Sunday, March 4, 2018

On Temporal/Spatial Manipulation in the US Refugee Regime

On 27 February 2018, the U.S. Supreme Court ruled that, "Immigration officials are authorized to detain certain aliens in the course of immigration proceedings while they determine whether those aliens may be lawfully present in the country." In addition to being held indefinitely, immigrants and refugees will have no access to legal aid during this holding time. In reflecting on the writings of Michel Agier and his book On the Margins of the World: The Refugee Experience Today, it is apparent that this legal decision from the nation's highest court builds upon repressive practices and ideologies surrounding movement of peoples and their forced containment.

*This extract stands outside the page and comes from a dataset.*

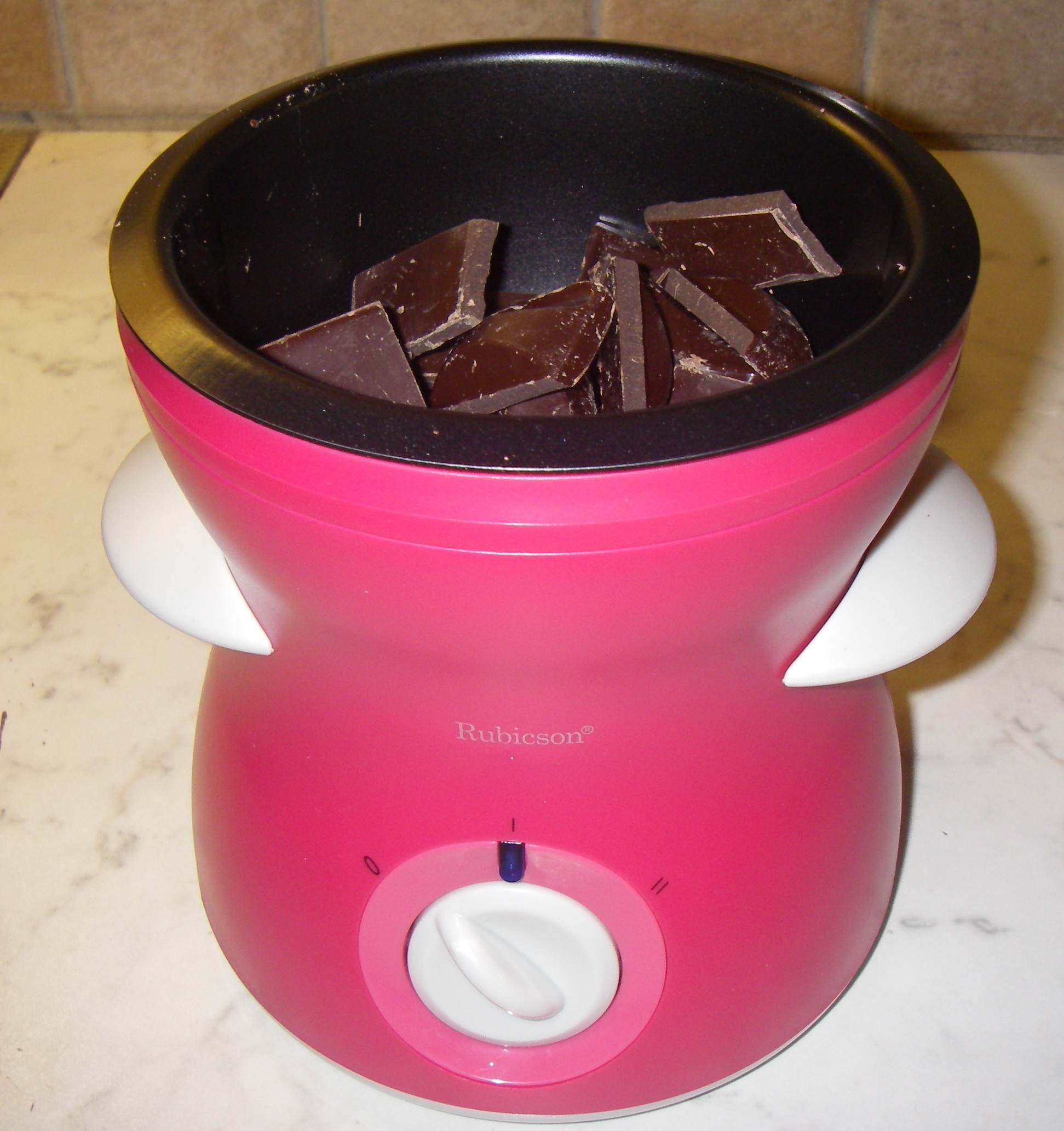 Inköpt på Kjell & Company, en trevlig liten sak och lätt att göra ren. Det fina är att när chokladen är smält ställer man den på läge 1, då håller det sig flytande resten av tiden. Kan naturligtvis användas till annat, doppa färsk frukt i choklad, julgodiset, bara att använda fantasin.

Just as the U.S. state and a variety of international non-governmental organizations have noted, brutal regimes like Eritrea and Syria utilize detainment as a means to enforce deprivation of temporal and spatial reasoning. By confining individuals to fixed spaces with limited access to other people and the outside world, prisoners are stripped of reasoning by key senses and social interactions. In reviewing these cases deemed "brutal," "inhumane," and "torturous," it is alarming to see some of these structural components being legalized by the U.S. Supreme Court in its recent ruling. As noted by Justice Alito, immigrants--including refugees and asylum seekers--may be held indefinitely in holding facilities across the U.S. It is further alarming to see this ruling enforced upon all immigrants, especially forced migrant populations that are already fleeing brutal regimes that use these same deprave methods of temporal/spatial manipulation.

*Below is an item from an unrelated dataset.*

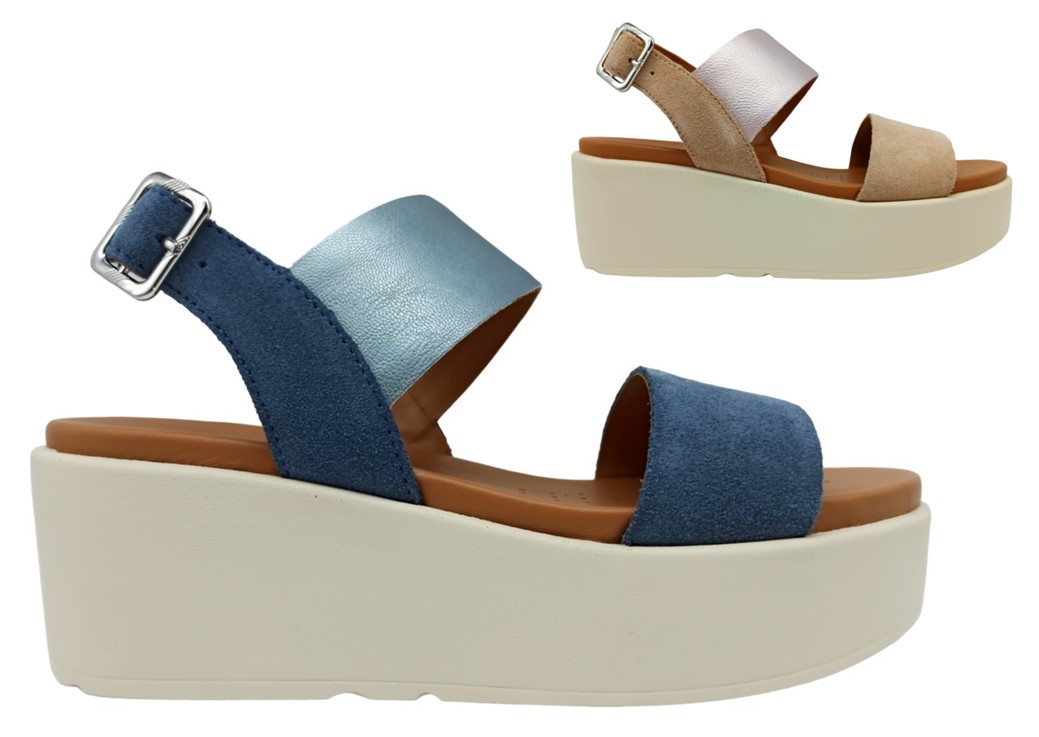 Sandali da Donna Geox D XAND 2.2S A D45M1A 022NF C4005 Colore Avio - Geox D XAND 2.2S A D45M1A 022BC C5QB5 Colore Champagne con fascia sul collo del piede cipria. Scarpe con Zeppa Media 7 cm e Plateau di 4,5 cm Comode Casual Eleganti Leggere alla Moda Glamour di Tendenza da Passeggio. Sandalo donna, confortevole e traspirante, con cinturino alla caviglia. Ideale per il tempo libero oltre a essere adatto a ogni occasione e in linea con le ultime tendenze, è pensato per offrire un benessere costante anche in caso di utilizzo prolungato.Traspirabilità della suola e benessere del piede sono assicurati dal sistema brevettato Geox. La suola platform in PU ha caratteristiche particolari di leggerezza, resistenza e durata.

This change in legal precedent is of grave concern for the U.S. Refugee Regime and its legitimacy in the international arena. Even more concerning, these drastic policy changes are not isolated to the U.S. and its refugee systems. European Union countries like Hungary  and Slovenia are detaining refugees and closing borders, respectively. Each national-based case is rooted in a general Global North trend to dispel, detain, and decenter the colonial vestiges of imperial Europe and the U.S. Indeed, now that the black and brown bodies of colonization, of imperial control, and of occupation have begun moving towards the mother colonizers and their respective stolen wealth/access, bastions of safety, of control, and of detention have begun to rise. These physical cases--as noted in legal policies allowing for greater detention authority under U.S. and Austrian centers--must be paralleled to the same repressive regimes that engage in this depraved, cruel, and inhumane legal change. Without this juxtaposition being recognized and called by name, those aware of these issues fail to epistemically disengage with racist, imperial logic that allows for the denouncement of these atrocities abroad while failing to act against--or even willfully recognize--these same systems proliferating in our own communities and states.